Early on Monday, the IOTA team published a three-step remediation plan to get things back on track. The first step is for users to install the updated version of the Trinity desktop wallet, changing their passwords in the process. Then, users should transfer their tokens to a safe seed using a seed migration tool that it will launch in the coming days. That will prevent attackers from making unauthorised cryptocurrency transfers, it said. It also wants all users to do this, even users of the mobile version of the wallet, just to be safe.
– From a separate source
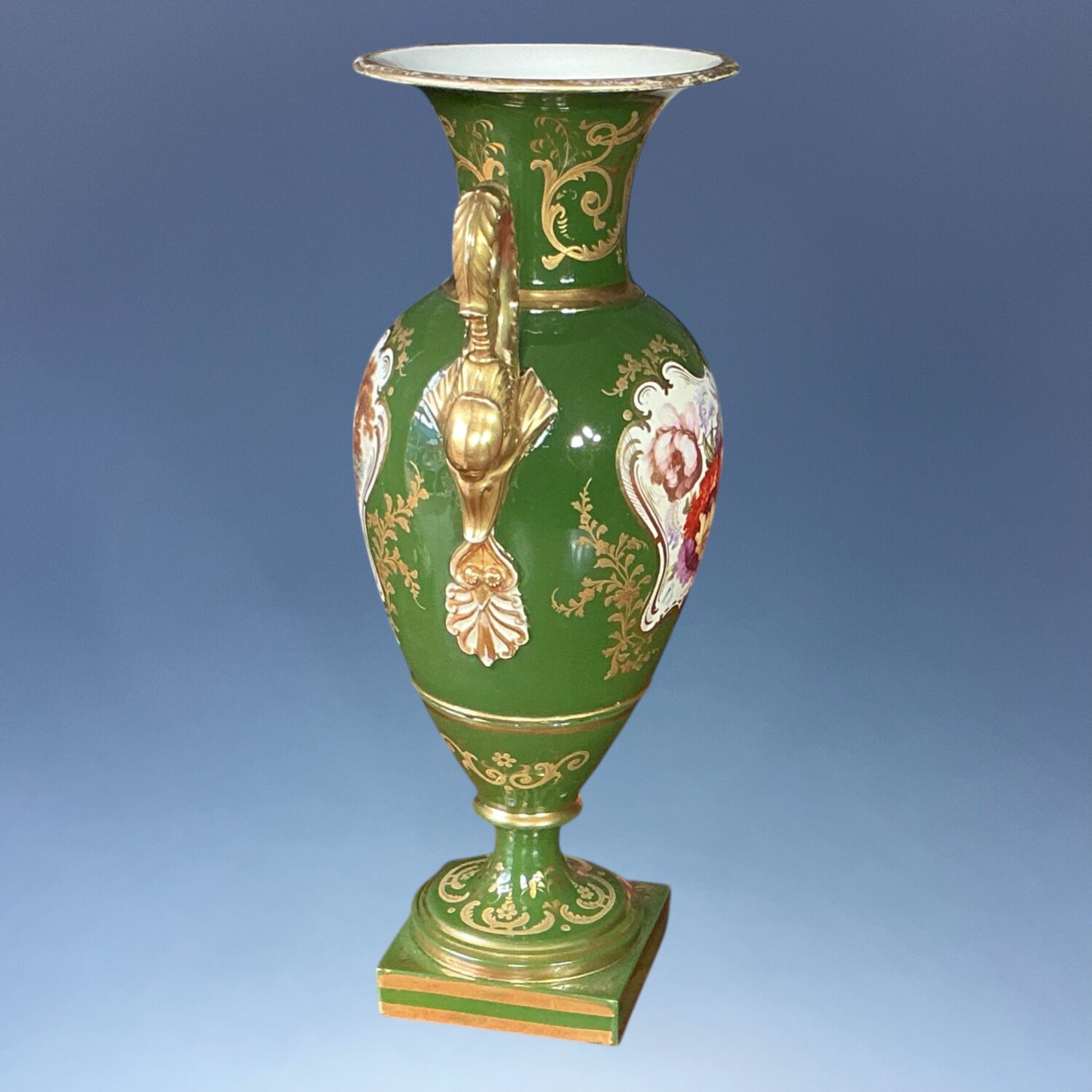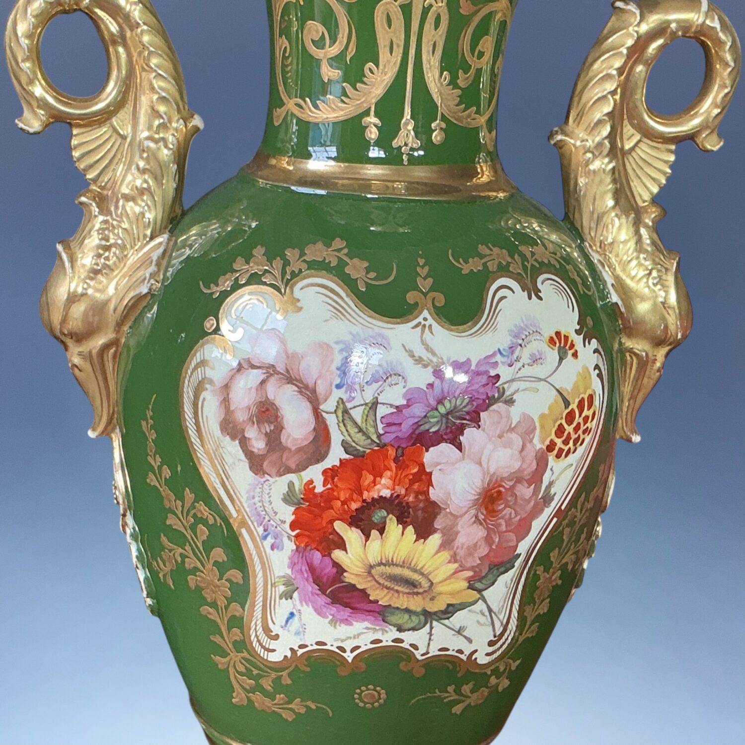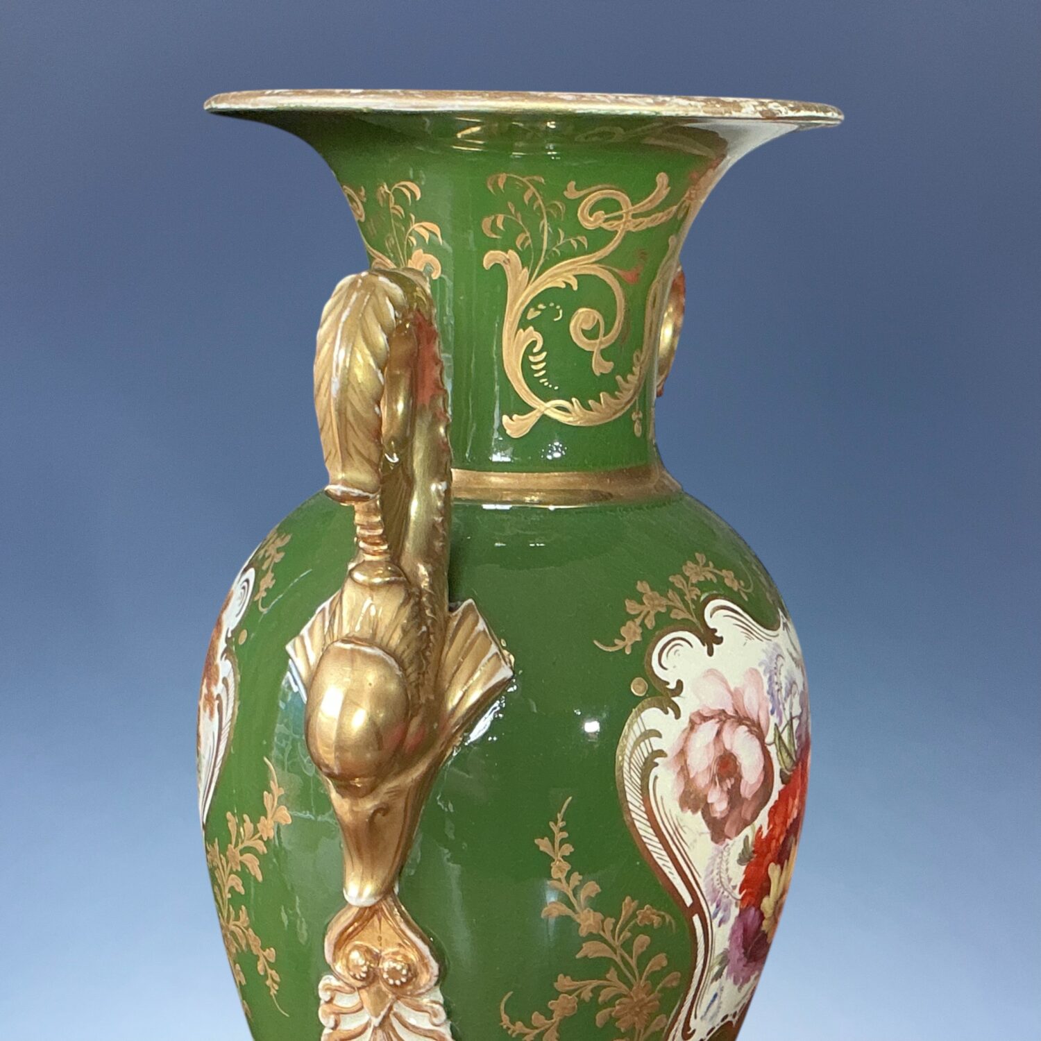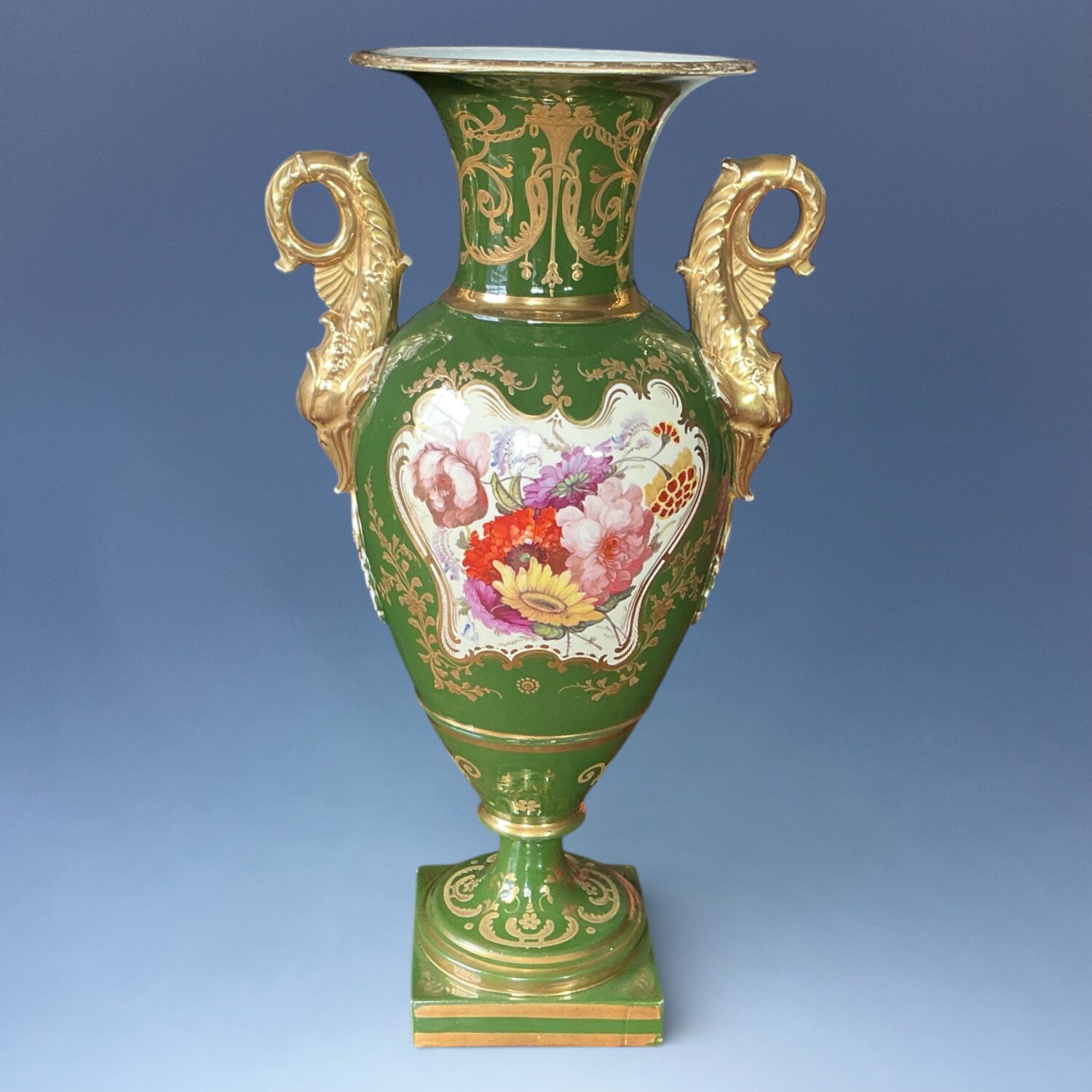 A very decorative early 19th century English porcelain vase with Dolphin handles, decorated with a finely painted reserve of flowers, the reverse with a landscape scene, against a very rich green ground with elaborate raised and burnished gilding.
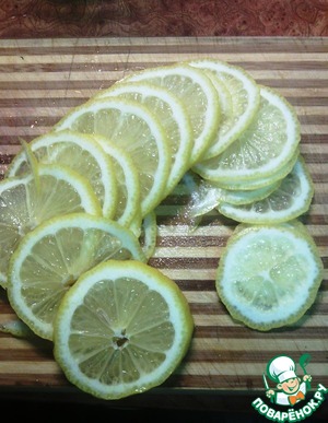 Лимон вымыть, нарезать очень тонкими кружочками. "Попки" лимонные хорошо срезайте, а то будет сильно горчить.

Finally, users will reclaim their stolen tokens. To do this, the IOTA team is taking a global snapshot of the network that users will have to validate. That will enable it to work with an unspecified third party to restore stolen tokens to their rightful owners, it said.
The cryptocurrency has suffered hacks before. In January 2019, British and German police arrested someone suspected of stealing $11.4m in IOTA by creating a fraudulent website that purported to generate digital keys used to secure wallets.
Market capitalisation for IOTA, which is now the 23rd largest cryptocurrency space according to CoinMarketCap, plummeted 25% from $975.74m on 12 February to $730.14m in the early hours of Monday 17 February. It rallied slightly early on Monday as news of the remediation plan spread.